§ **WORK REQUEST**
Print the lines exactly. Start at the first line of the material below, end with the line that contains "Picture taken in", and skip all pictures.

§ **THE DATA**
--------------------------------
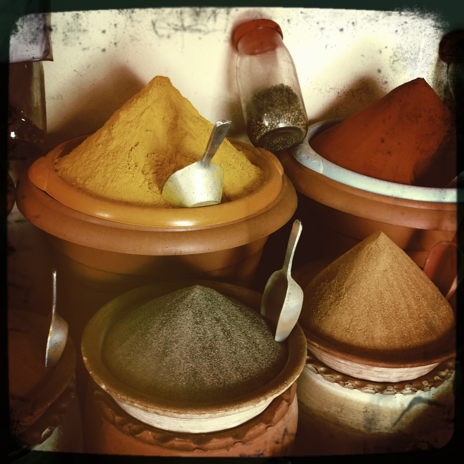 This hipstamatic by François Besch shows some spices in a shop on the island of Djerba.
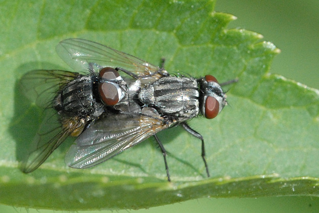 Picture taken in Commanster, Belgian High Ardennes . Species: Musca autumnalis couple
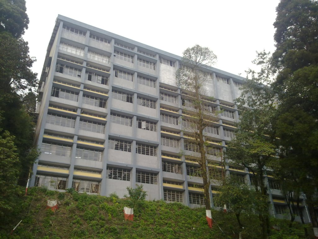 St. Robert's School opened in February 1934 in Halcyon House, Darjeeling. It was successor to St. Francis Xavier's Middle English, started by Rev. Fr. Charles Grant in 1914, on the grounds of Archbishop's House. On July 17th 1934, St. Robert's was transferred to the Park Hotel. It was recognized as a High School in 1935 by Calcutta University. The School was upgraded to Higher Secondary status with effect from 1.1.63 and phasing out the primary section began to allow from increased enrolment. The Programme was completed in 1965. From 1.1.74 St. Roberts's began preparing its class nine students from the Madhyamik Praksha of 1976. It was again upgraded to Higher Secondary status in 1993. The patron of the school is St. Robert Bellarmine, the famous sixteenth century saint and scholar. The motto of school is St. Robert gave to his most famous spiritual son, St. Aloysius Gongaza, a patron saint of youth -"Ad Maiora Natus Sum" - 'I was born for higher things'.
--------------------------------
§ **RESPONSE TO THIS TASK**
 This hipstamatic by François Besch shows some spices in a shop on the island of Djerba.
 Picture taken in Commanster, Belgian High Ardennes . Species: Musca autumnalis couple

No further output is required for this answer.